◆ Records supplied
•••

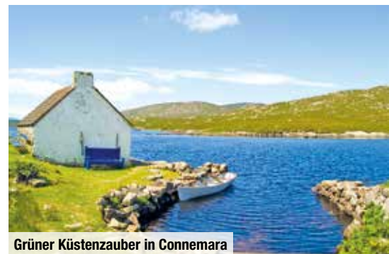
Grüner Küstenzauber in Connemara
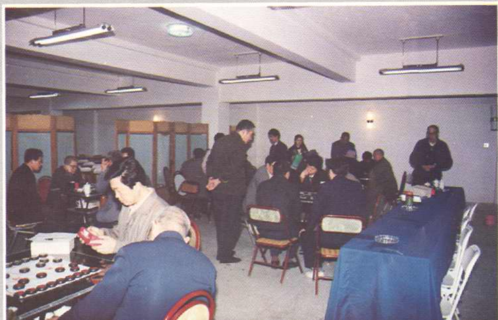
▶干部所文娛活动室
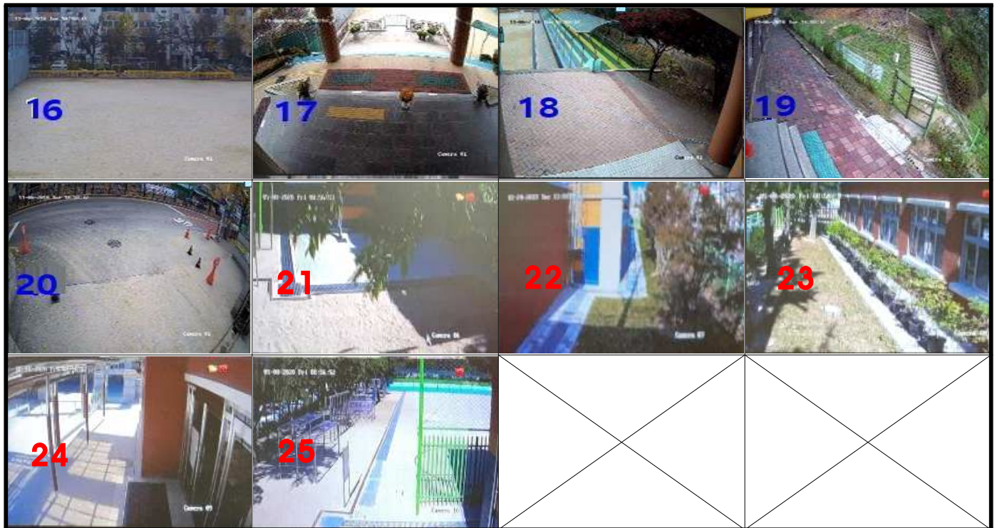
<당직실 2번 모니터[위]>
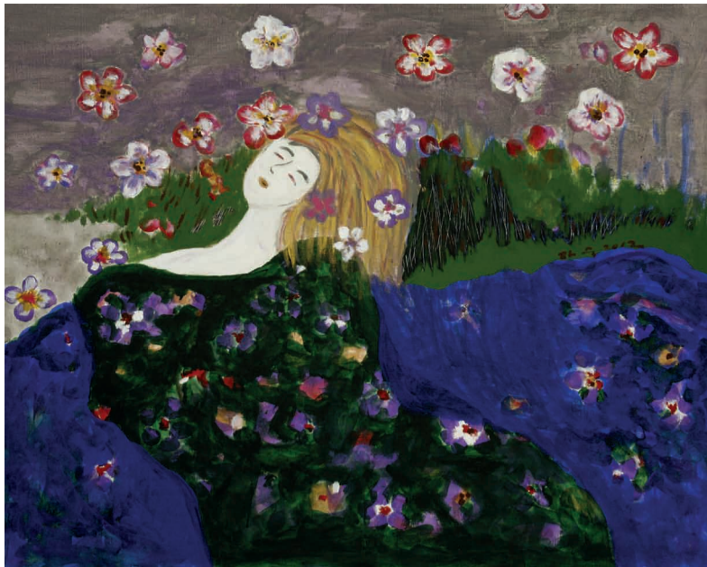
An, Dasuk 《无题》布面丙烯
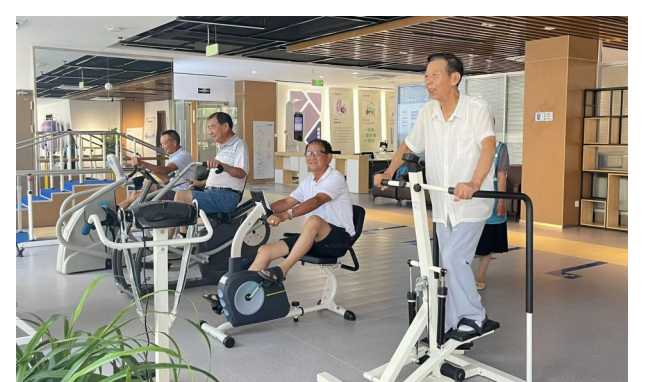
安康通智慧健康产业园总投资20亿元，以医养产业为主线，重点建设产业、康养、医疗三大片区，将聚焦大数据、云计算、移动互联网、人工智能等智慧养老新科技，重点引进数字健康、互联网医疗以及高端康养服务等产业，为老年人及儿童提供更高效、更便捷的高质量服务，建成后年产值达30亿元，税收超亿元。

•••

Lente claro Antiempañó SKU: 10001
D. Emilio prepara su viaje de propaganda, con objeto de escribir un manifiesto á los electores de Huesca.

•••

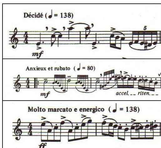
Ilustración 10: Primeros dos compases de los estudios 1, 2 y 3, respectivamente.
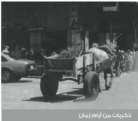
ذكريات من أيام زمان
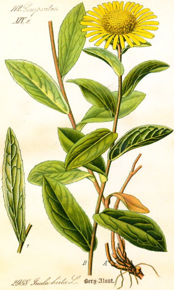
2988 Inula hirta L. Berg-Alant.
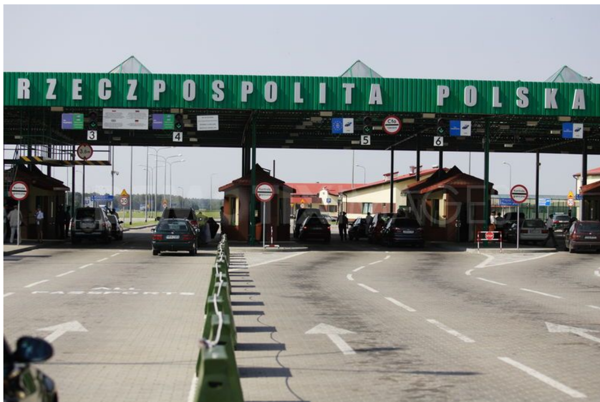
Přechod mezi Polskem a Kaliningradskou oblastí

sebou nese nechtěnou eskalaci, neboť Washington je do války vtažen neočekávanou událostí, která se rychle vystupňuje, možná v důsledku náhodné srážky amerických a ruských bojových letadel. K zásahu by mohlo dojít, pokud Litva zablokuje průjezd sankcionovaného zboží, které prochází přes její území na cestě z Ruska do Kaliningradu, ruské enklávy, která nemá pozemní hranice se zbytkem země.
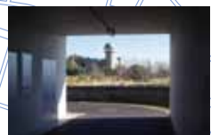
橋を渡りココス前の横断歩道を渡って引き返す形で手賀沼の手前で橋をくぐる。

•••

◆ Your task
In the data above, find the line containing "Grüner Küstenzauber in Connemara" and the line containing "安康通智慧健康产业园总投资2". Repeat those two lines and everything between them exactly, minus the pictures.

◆ Task result
Grüner Küstenzauber in Connemara
▶干部所文娛活动室
<당직실 2번 모니터[위]>
An, Dasuk 《无题》布面丙烯
安康通智慧健康产业园总投资20亿元，以医养产业为主线，重点建设产业、康养、医疗三大片区，将聚焦大数据、云计算、移动互联网、人工智能等智慧养老新科技，重点引进数字健康、互联网医疗以及高端康养服务等产业，为老年人及儿童提供更高效、更便捷的高质量服务，建成后年产值达30亿元，税收超亿元。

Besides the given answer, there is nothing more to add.